President of the Senate
- In office 1972–1975
- Preceded by: Position established
- Succeeded by: Chea Sim (1999)

Personal details
- Born: Saukam Khoy 2 February 1915 Cambodia, French Indochina
- Died: 14 November 2008 (aged 93) Stockton, California, U.S.
- Party: Social Republican Party
- Spouse: Vom Tep Saukam
- Children: 7

Military service
- Allegiance: First Kingdom of Cambodia Khmer Republic
- Branch/service: Royal Cambodian Army Khmer National Army
- Years of service: 1940–1975
- Rank: General
- Battles/wars: World War II First Indochina War Cambodian Civil War

= Peter Khoy Saukam =

Cambodian politician

Peter Khoy Saukam (born Saukam Khoy សូកាំ ខូយ; 2 February 1915 – 14 November 2008) was a Cambodian senior military officer and politician who served as Acting President of the Khmer Republic for 12 days in April 1975. He was President of the Senate from 1972 to 1975.

==Early life==
Born on 2 February 1915, Saukam Khoy enlisted into the Khmer Royal Army in 1940, when he was 25. He achieved the rank of lieutenant-colonel in 1953 and subsequently, lieutenant-general. He became President of the Senate of the Khmer Republic in 1972.

==Presidency==
He took office on 1 April 1975, when a tearful Lon Nol left 'temporarily' with his entire family for Bali in Indonesia after an invitation from his friend, Indonesian President Suharto.

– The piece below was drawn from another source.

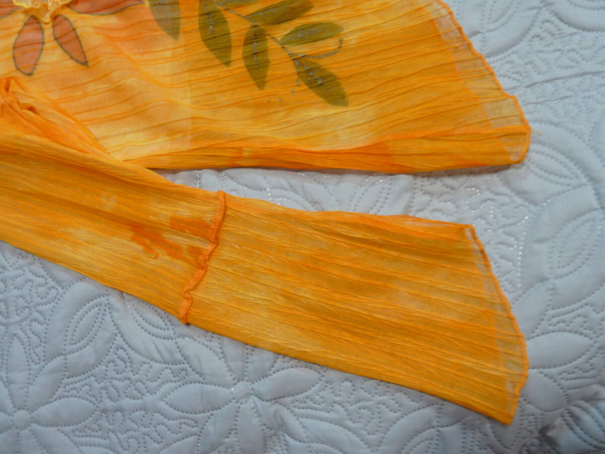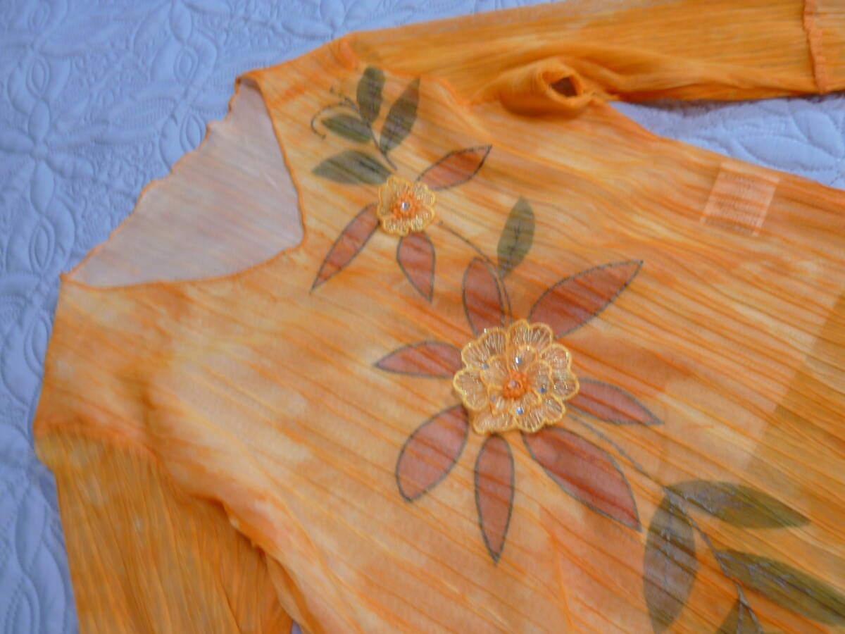 春夏 新品タグ付き オレンジ 染め風 地模様 お花柄 プルオーバー カットソー L M ゆうパケット230円発送 同梱OK

Khoy's time in office was short. He left Phnom Penh together with American Ambassador John Gunther Dean aboard a CH-53 helicopter during the evacuation of American embassy staff and civilians, dubbed Operation Eagle Pull on 12 April, just five days before Phnom Penh fell to the Khmer Rouge led by their new organization as Angkar.

==Death==
Khoy died at the age of 93 in Stockton, California, United States, on 14 November 2008.